【今日の1曲】ハナレグミ – 家族の風景 (2002)

本日3月11日は東日本大震災から9年。
ということなので、短期集中David Bowie(デヴィッド・ボウイ 1947 – 2016年)特集はお休みで、個人的な震災についてのことを書くことにします。

基本的に当サイトは音楽の嗜好以外の筆者の個人的な話は書かないようにしていますが、別に何がなんでも出したくないとかそういう訳でも無いので、たまには。

筆者は東京生まれで、2011年のあの日も都内に居て、幸いこれといった被害には遭いませんでしたが、ルーツのひとつが東北にありまして、当時祖父母をはじめ多くの親族が暮らしていました。
こう書くと、今は暮らしていないかのようですが、今でも暮らしています。ただこの9年の間に何人かが亡くなったので、こういう場合はどう書くのが良いのだろう?まあいいや。これが文章力の無さというやつです。

で、筆者も子供の頃の数年間を過ごしたことがあるその街は、あの日の津波で壊滅しました。

まだ実態が不明なままの時にTVで流れて来た「壊滅状態です」というワードが現実感を伴うのにはある程度の時間を要しました。
「街が壊滅」ってまるで映画や漫画のようでフィクションのようですよね。
でも事実その言葉の通りでした。

音信不通状態が何日続いたのかはもう曖昧ですが、数日の後にようやく親戚一同の無事が確認され、同時に、筆者も過去に一緒に暮らしたこともある祖父母宅をはじめ、親族の家は遠方を除き、全て流されたことを知りました。
とは言え全員の命が無事だったというのはかなりのラッキーだったようで、筆者の知人や同級生、同級生の家族、家族ぐるみで付き合いのあった人達が少なからず津波で流され亡くなっています。

居ても立ってもいられない気持ちにもなりましたが、状況が落ち着くまでは行っても逆に迷惑になりかねないので、2週間後くらいでしたかね、時期はうろ覚えですが、地域の避難所になった小学校で生活をしている祖父母をはじめ親類の皆に会いに行きました。
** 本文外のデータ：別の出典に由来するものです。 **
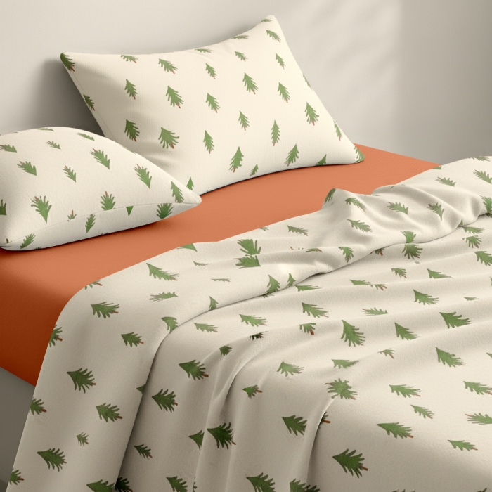 Сімейний комплект фланель з простирадлом на резинці PINE FOREST CS4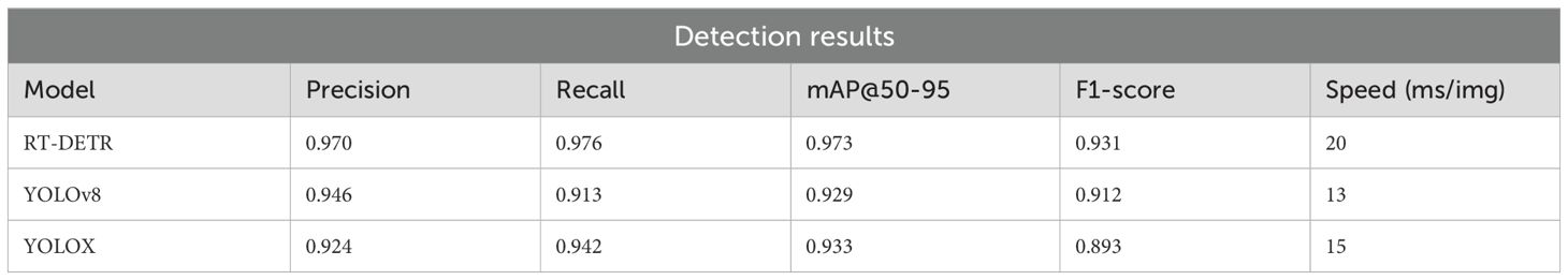 Although processing speed was not the main focus of this study, RT-DETR achieved 0.41 FLOPs, confirming its efficiency in terms of computational resources.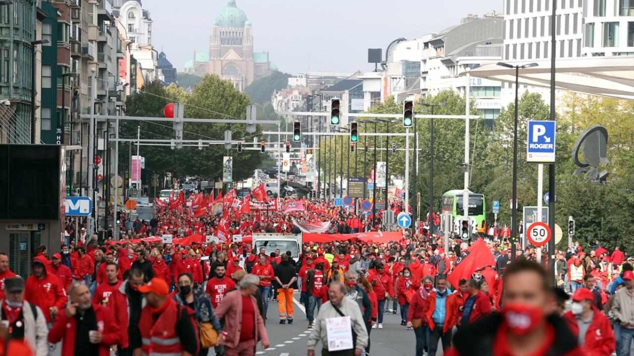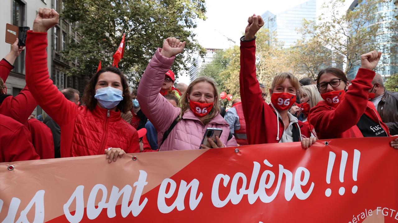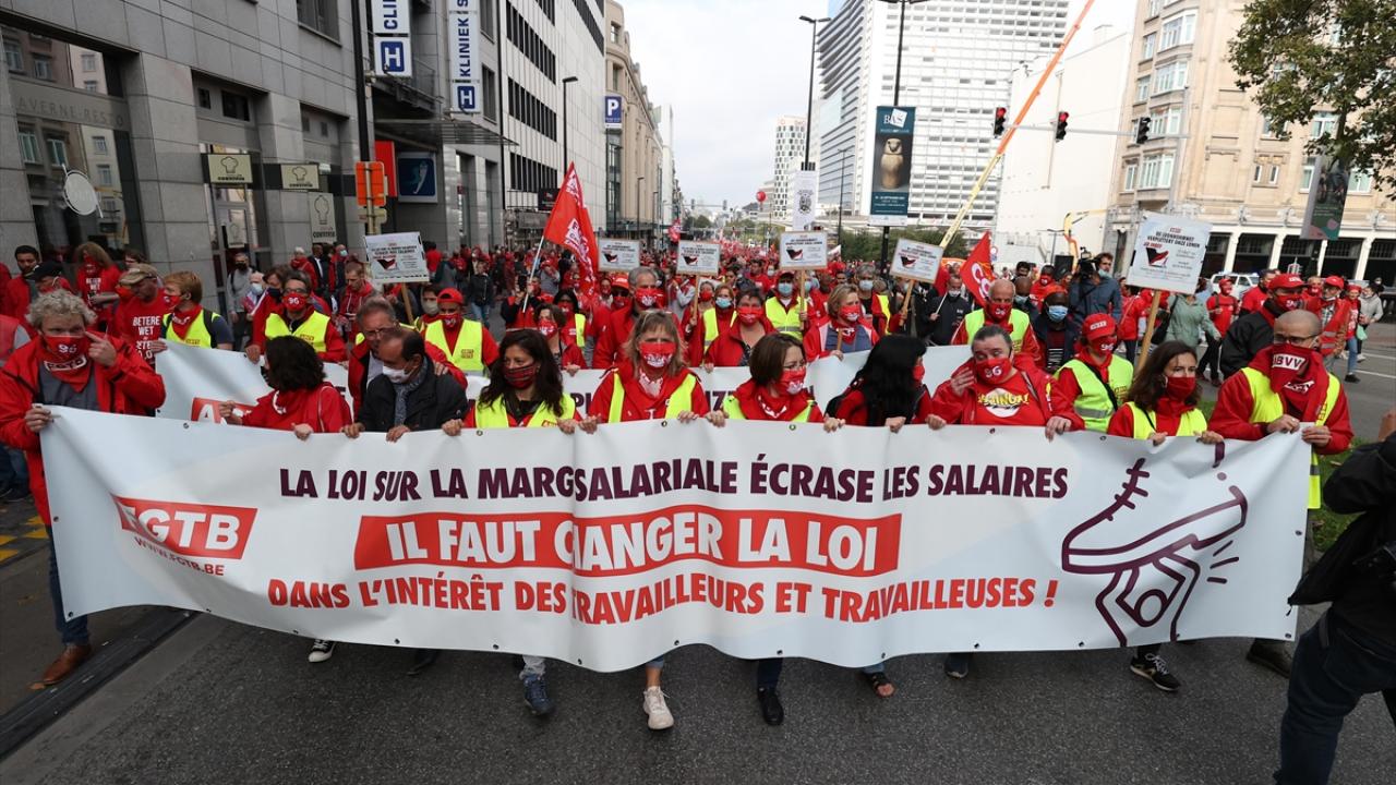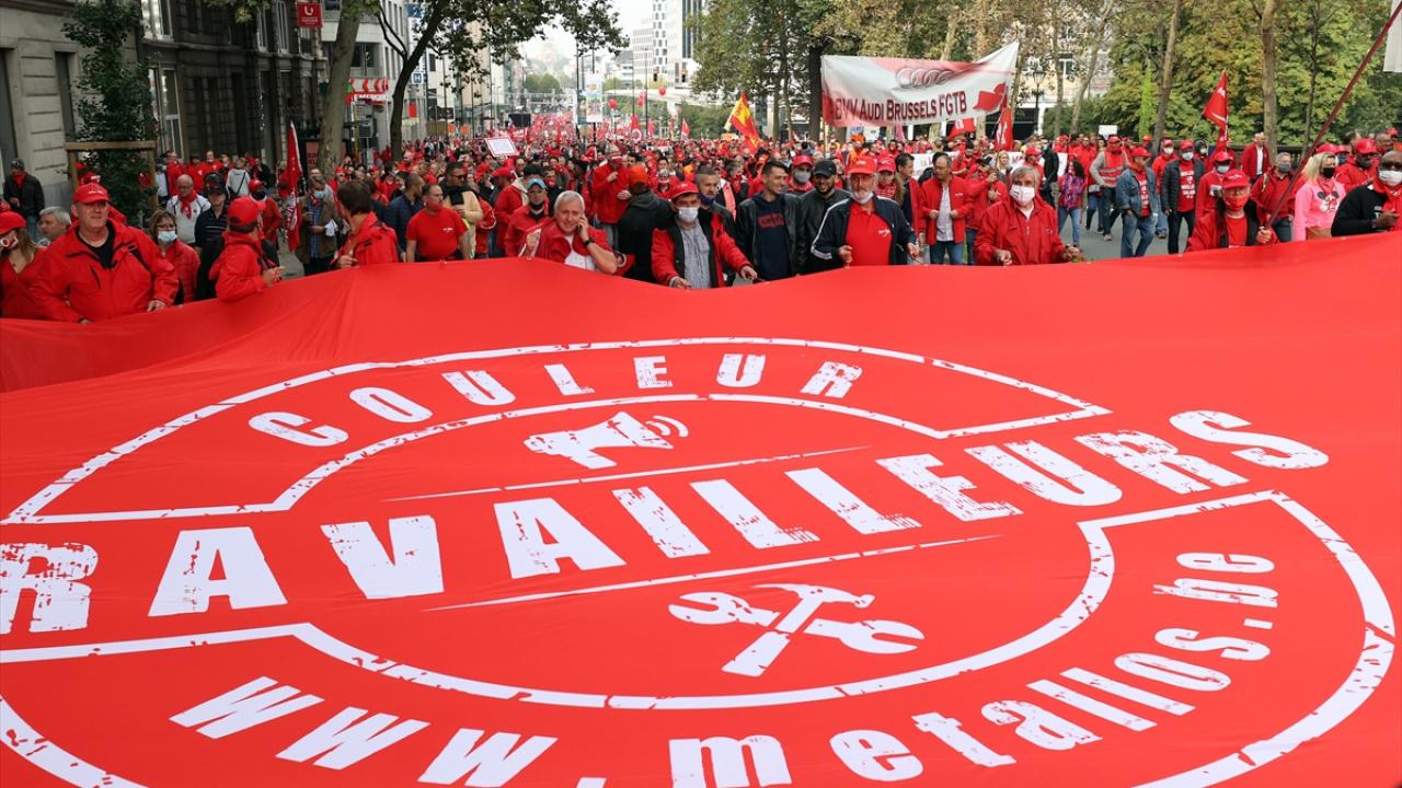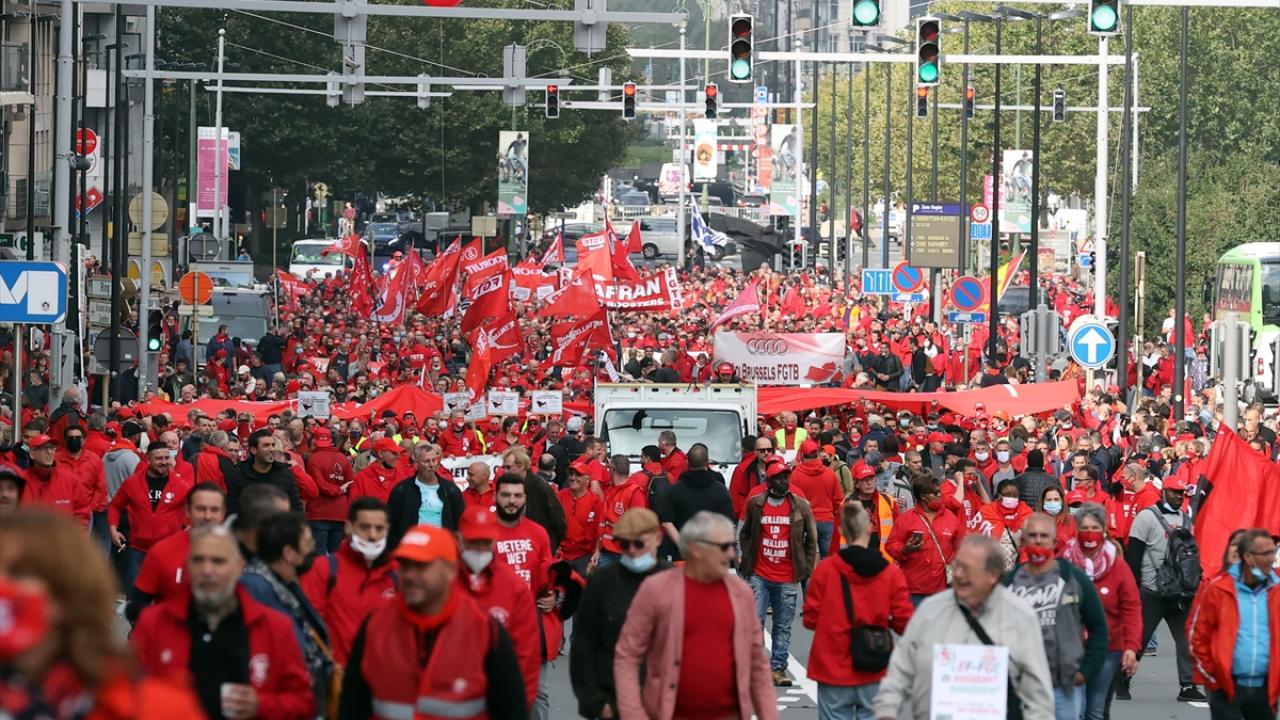 Belçika'nın başkenti Brüksel'de Kuzey (Gare du Nord) tren istasyonu önünde toplanan binlerce işçi, ücretlerinin artırılmasına sınır koyan yasayı protesto etmek için yürüyüş düzenledi.

とは言え現地でボランティアをする時間的余裕は無かったので、可能な限りの少量の物資を持って会いに行っただけなのは、どうにも心苦しかったりもしましたが。

その際、事前に「何か必要なもの、買って来てほしいものは?」と尋ねると「救援物資は方々から色々届いているから(特にいらない)」ということでしたが、祖父に唯一タバコ、確かLARKの赤をリクエストされ、5カートンくらい買って持って行き、なんとなく大部屋の他の人の目に付かないようにこっそり渡したのを覚えています。
しばらくの間、現地ではなかなか手に入らなかったらしいです。

数年の仮設住宅生活の後、再び今度は高台の方に家を建て、祖母と共に暮らしていた祖父でしたが、昨年の夏に亡くなりました。

もう90歳を超えていたので一般に言う大往生です。

筆者はタバコを吸わないので、あまり詳しくないのですが、祖父は確か昔からずっと青いパッケージの煙草を吸っていた筈で、いつの間にLARKの赤になったのだろう?

ハナレグミ 家族の風景
ハナレグミ – 家族の風景

まあ考えてももう分からない事で、試しに吸ってみたらこっちの方が好みだった。というそれだけの事なのでしょうが。
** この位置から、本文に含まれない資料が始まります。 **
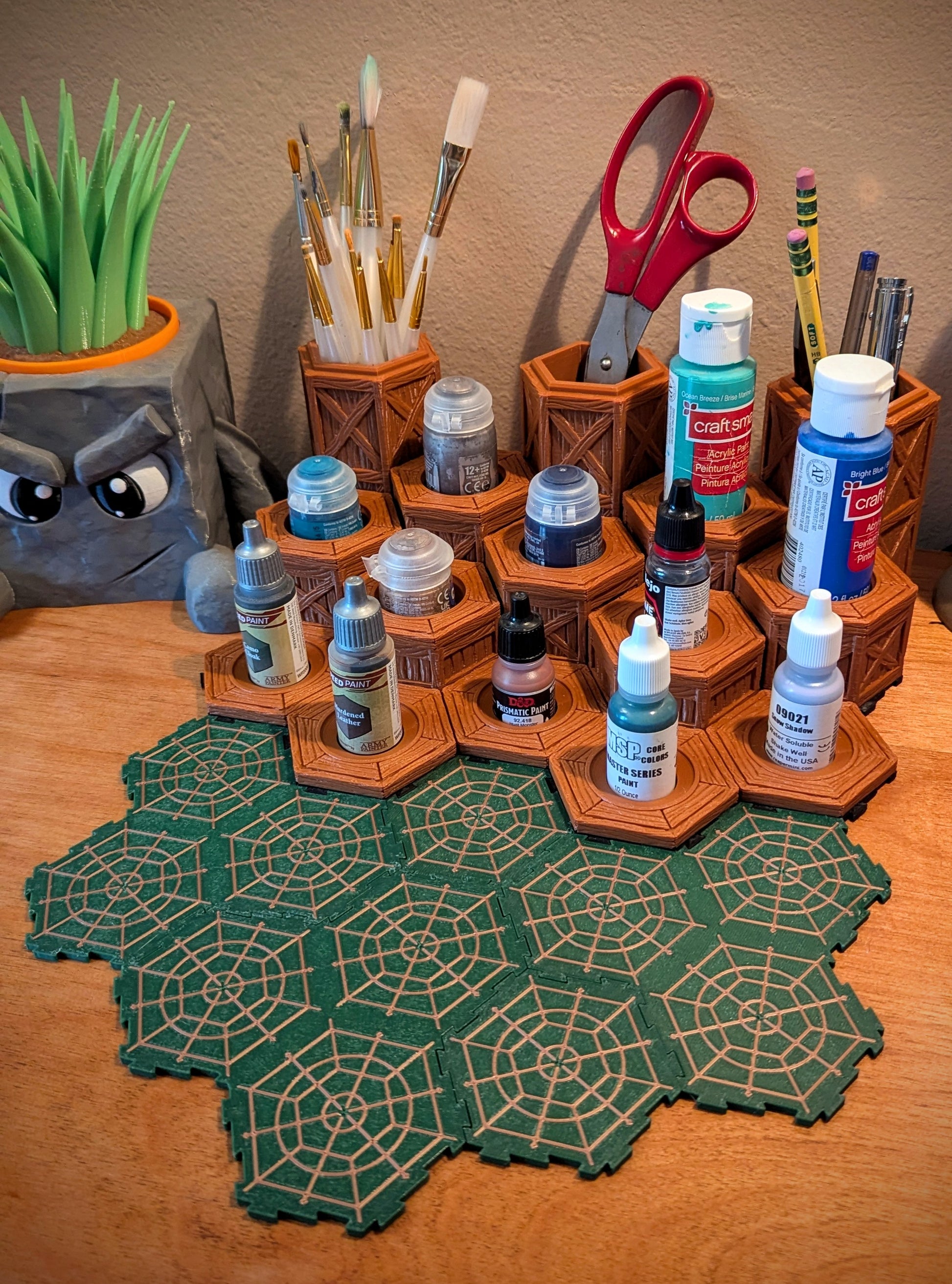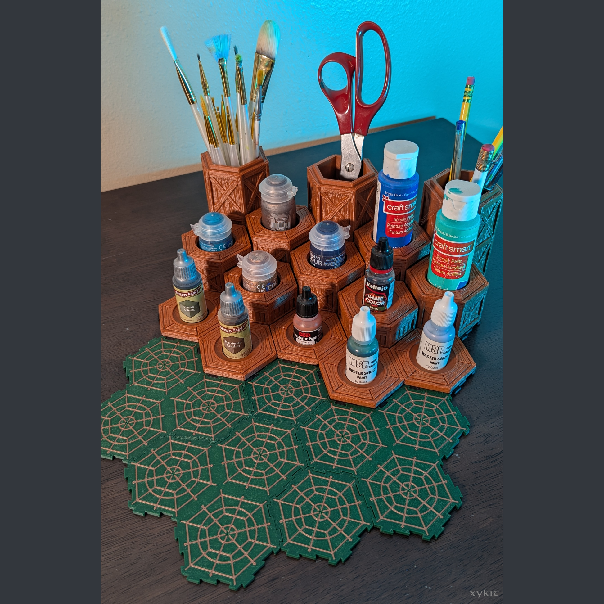 For July, we got a modular hobby station with a base grid, risers, and a variety of cups for your different paints. There's also some taller riser cups that can be used to store brushes, pencils, or scissors. Build yourself a little work station on your desk, or go huge, totally up to you. There is also a *cutting mat grid that can be used to protect you desk from paint and and scratches (see details below).

【今日の1曲】は元SUPER BUTTER DOGのボーカリスト、永積タカシのソロユニット・ハナレグミが2002年にリリースしたデビューシングル「家族の風景」で。
こちらは同年リリースの1stアルバム『音タイム』にも収録されています。

歌い出しの

キッチンにはハイライトとウイスキーグラス
どこにでもあるような 家族の風景

という完璧な描写で始まるこれはもう本当に名曲中の名曲。
これほどの楽曲が当時オリコン圏外だったのには驚くと言うかちょっとガックリきますが、リリース後もじわじわと広がり、聴いた人の心に残り続けてゆく楽曲なのだと思います。

今年もまたYahoo!のトップに復興支援の特設ページへのバナーが設置されていますね。
震災から9年が経っても、復興がまだまだ気の遠くなるような先の話なのは、現地を訪れる度に毎回強く実感します。

これを読まれた方で、東日本の3.11に限らず災害が正直どこか他人事にしか思えないという、ある種ラッキーな方は、一度現地に足を運んでみるのも良いのではないでしょうか。

わざわざそんなの面倒だと思われる方も是非「家族の風景」は聴いてみてください。